Task objective: Give the data again exactly as written, without any of its pictures.

Supplied material:
-- Opening Marker --

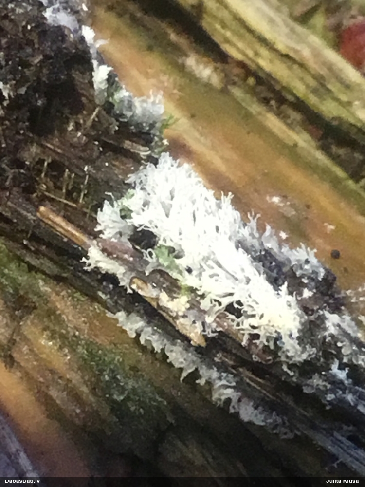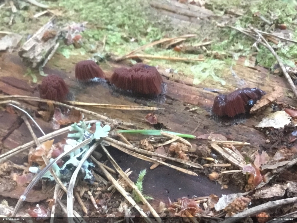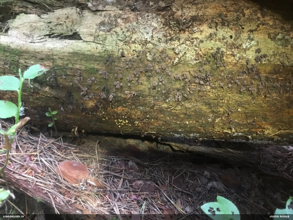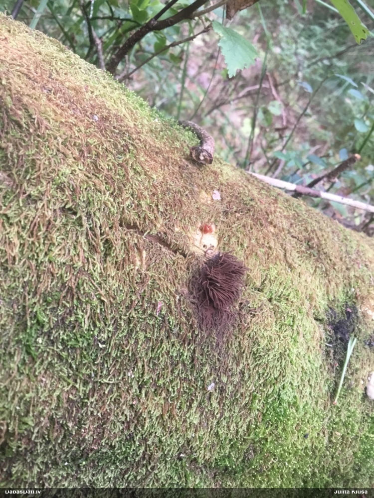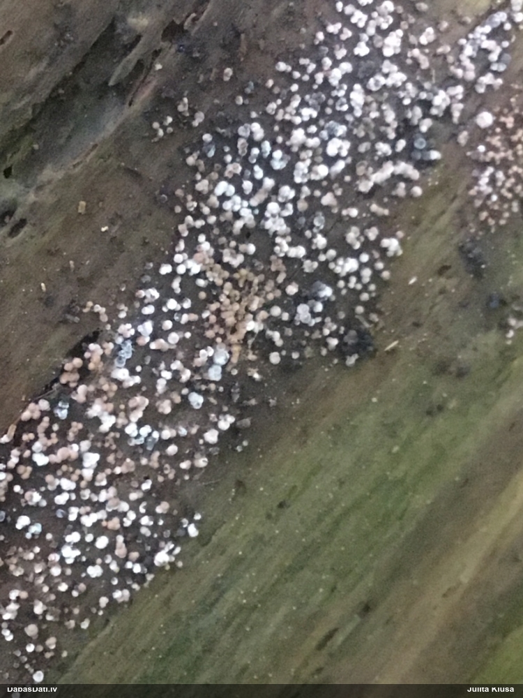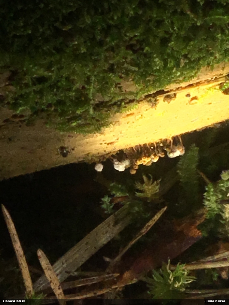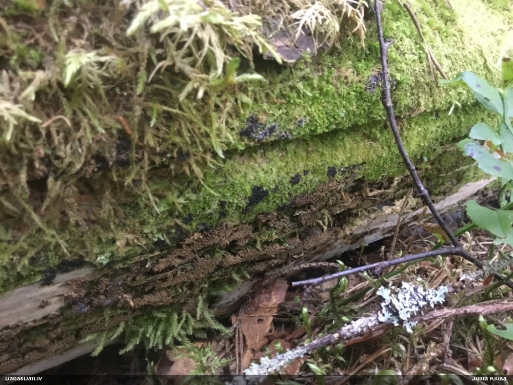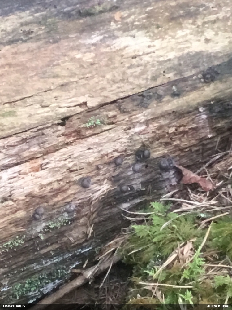 Šobrīd varu iedomāties 2 variantus - melnā plaispika Amaurochaete atra vai parastais gļotpūpēdis Reticularia lycoperdon. Pēc izmēra, augšanas laika un augšanas uz apstrādāta koka atbilst abas.
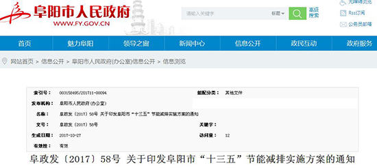 阜陽(yáng)市“十三五”節(jié)能減排實(shí)施方案
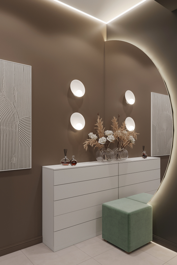 - Цветовая температура для жилых зон — 2700–3000K (тёплый белый свет).
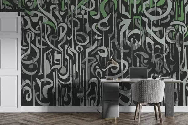 Фотошпалери Стріт-арт дизайн із зеленим та сірим кольорами w03607v2

-- Closing Marker --

Written reply:
 Šobrīd varu iedomāties 2 variantus - melnā plaispika Amaurochaete atra vai parastais gļotpūpēdis Reticularia lycoperdon. Pēc izmēra, augšanas laika un augšanas uz apstrādāta koka atbilst abas.
 阜陽(yáng)市“十三五”節(jié)能減排實(shí)施方案
 - Цветовая температура для жилых зон — 2700–3000K (тёплый белый свет).
 Фотошпалери Стріт-арт дизайн із зеленим та сірим кольорами w03607v2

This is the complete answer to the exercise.